Friends of the Irish Environment (FOIE) has threatened a legal injunction to halt flood relief works surrounding Lough Funshinagh in Co Roscommon unless it can see proof that planning permission and the relevant environmental studies were completed for the works.

Lough Funshinagh is a turlough and holds special area of conservation (SAC) status.

A number of homes and farms have been flooded over the last number of years as a result of flooding around the turlough and in June work began on relief works to alleviate the flooding.

On Friday, in a solicitor’s letter to the chief executive of Roscommon County Council and to the chair of the Office of Public Works (OPW), FOIE, through its solicitors FP Logue, said that its ecological advisers who have visited the location have expressed “very significant and grave concerns” about the ecological impacts of the works.

Consent

“My client has been unable to identify any publicly available information indicating any documented consent or any evidence of prior environmental assessments in respect of the works which are being carried out.

“In the absence of any evidence that there is a valid consent and/or that these assessments were done, my client is greatly concerned that there will be significant and potentially irreparable adverse impacts on the integrity of the protected sites,” FP Logue said.

Potential damage

Potential damage during “construction alone threatens protected birds during the current nesting season and raises the question of where to dispose of the waste material from the trenching; that no measures are in place to prevent the invasive Zebra Mussel which has colonised Lough Ree and its associated pipelines reaching uninfected Lough Funshinagh; and that the inevitable removal of hedgerows and tree lines will impact on a number of species protected under the Wildlife Act, including bats, badgers, otters, frogs and newts,” FOIE said.

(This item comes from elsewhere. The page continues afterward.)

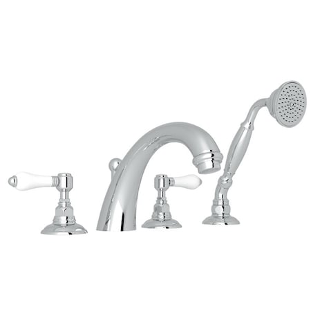 Rohl A2104LPAPC ROHL COUNTRY BATH SAN JULIO FOUR HOLE DECK MOUNTED TUB FILLER IN POLISHED CHROME WITH PORCELAIN LEVERS ^LE PIETRE^ SPOUT AND SINGLE FUNCTION BRASS HANDSPRAY C.B 4H DK FLR PRCL ^C^ P.CR
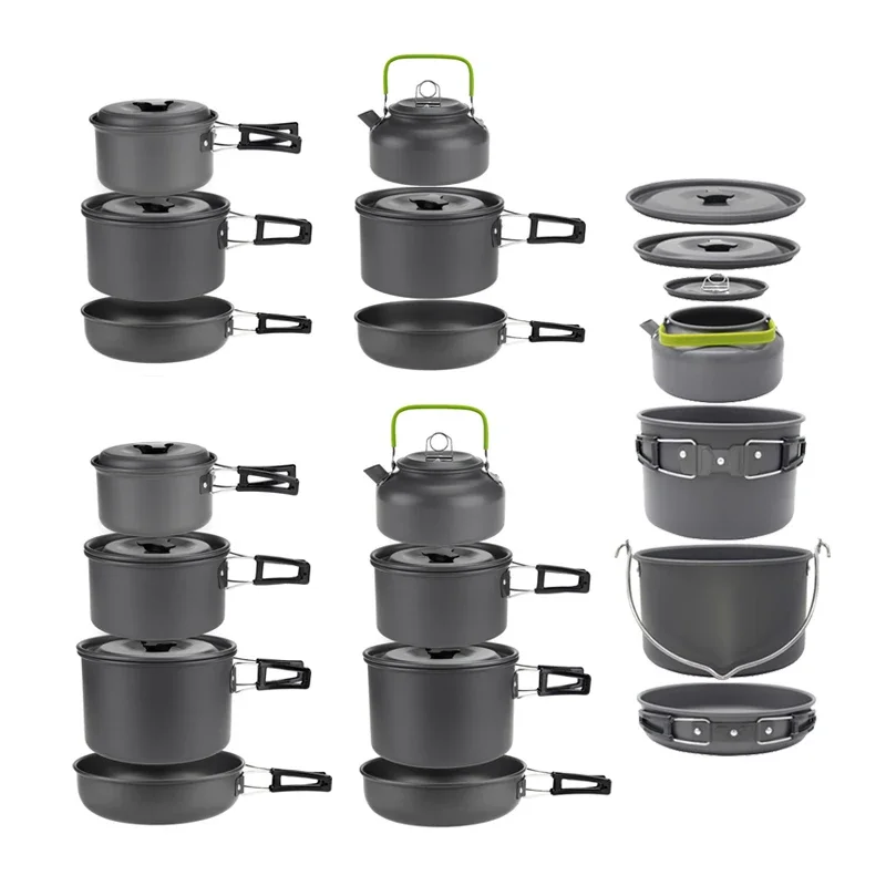 This portable lightweight camping cookware set is designed for 1–7 people, making it perfect for outdoor adventures, hiking, and camping trips. The set includes durable pots and pans that are easy to carry, cook with, and clean. Compactly packed in a convenient carrying bag, it ensures effortless transport and organization. Ideal for preparing meals in the outdoors, this versatile cookware set combines practicality, durability, and portability, making every camping experience more enjoyable and convenient.

According to ecologist Dr William O’Connor, advising FOIE, “the current works at Lough Funshinagh is one of the worst environmental breaches ever undertaken by a local authority”.

Flood works

Tony Lowes of FOIE said there is an EU directive around how flood relief works should be managed and planned on a catchment basis.

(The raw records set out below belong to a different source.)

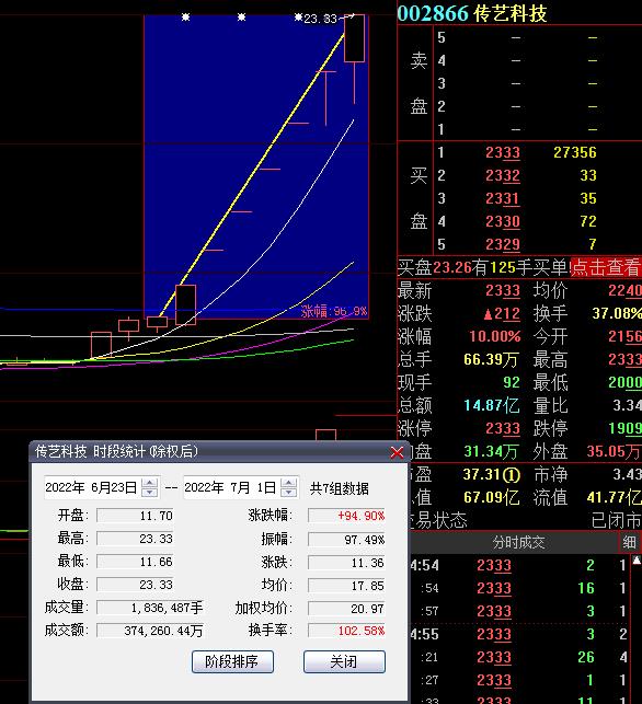 7月1日,熱門股傳藝科技再度漲停,截至收盤,報(bào)23.33元,連續(xù)7個(gè)交易日漲停,期間累計(jì)漲達(dá)94.9%。
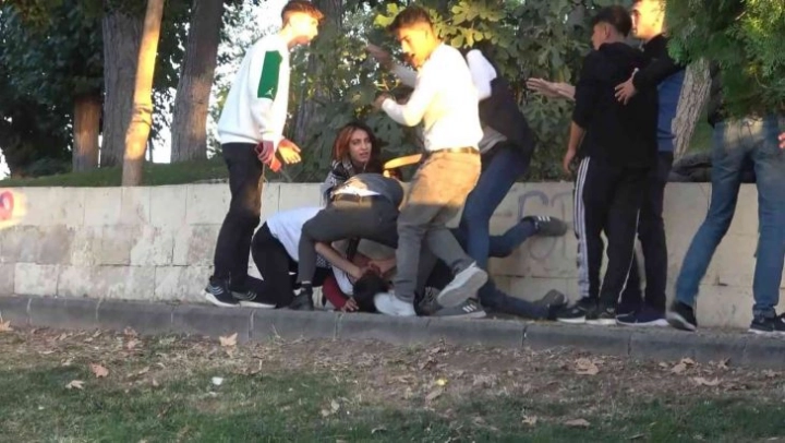 Adıyaman'da, kızlarında içerisinde bulunduğu kavgada tekme ve yumruklar havada uçuştu.
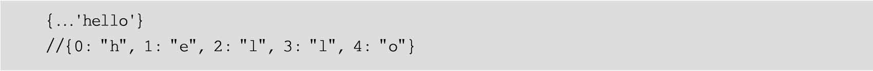 但是,如果扩展运算符后面是字符串,则它会自动转换成一个类似数组的对象,因此返回的不是空对象,如代码示例2-91所示。
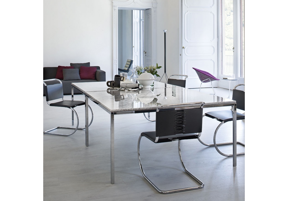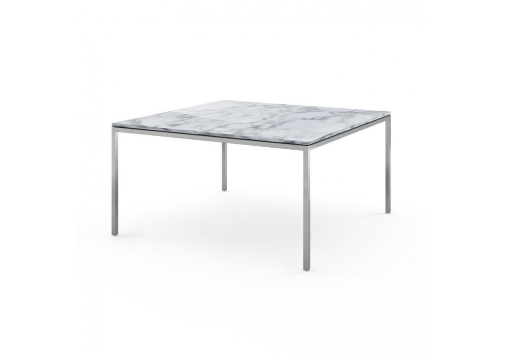 Florence diseñada por Florence Knoll para Knoll es una mesa con estructura de acero soldado y acabado cromado pulido o pintado en negro. Tablero realizado en cristal transparente, madera de roble o mármol en varios acabado.

“Local authorities and the OPW cannot be taking unilateral action outside of those plans. Flood relief schemes in one area have secondary effects in other parts of the catchment, particularly where turloughs are involved.

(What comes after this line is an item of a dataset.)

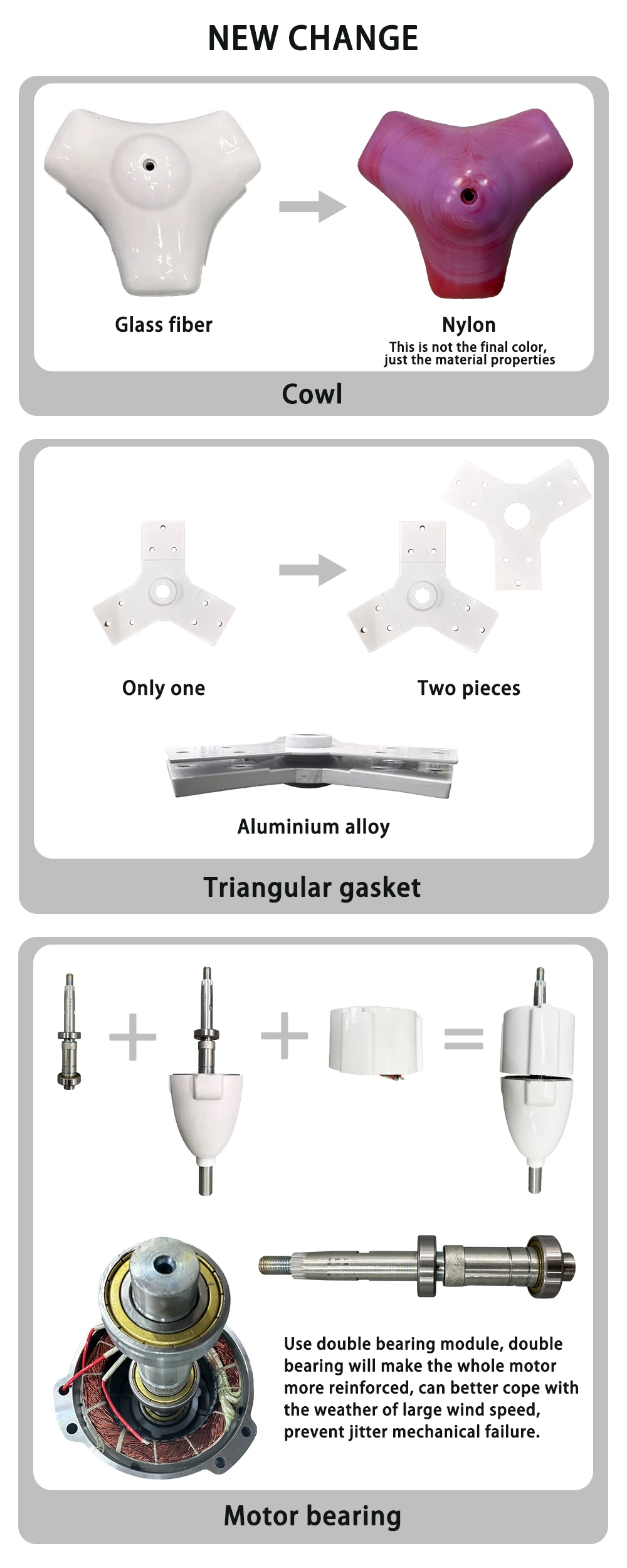 4.Blades using new art of precision injection molding,matched with optimized aerodynamic shape and structure which enhance the wind energy utilization and annual output.

“That obligation for co-ordination is a legal obligation on the State, including the mandatory environmental assessments which become critical as flooding accelerates with climate change.

“However traumatic, and it is very traumatic, the solution is not to try and hold back nature but to adapt to the changes.

“These residents are being assisted by the Voluntary Home Relocation Scheme and the Farmyard Relocation Scheme with the council granting permission as recently as June 2021 for the demolition of the first dwelling impacted, 200m from the lough,” Lowes said.

No comment

Roscommon County Council said it had no comment on the matter at this time in response to queries from the Irish Farmers Journal.

A spokesperson for the OPW told the Irish Farmers Journal: “The OPW is undertaking urgent works at Lough Funshinagh on behalf of Roscommon County Council and any queries in relation to these urgent works should be directed to the council.”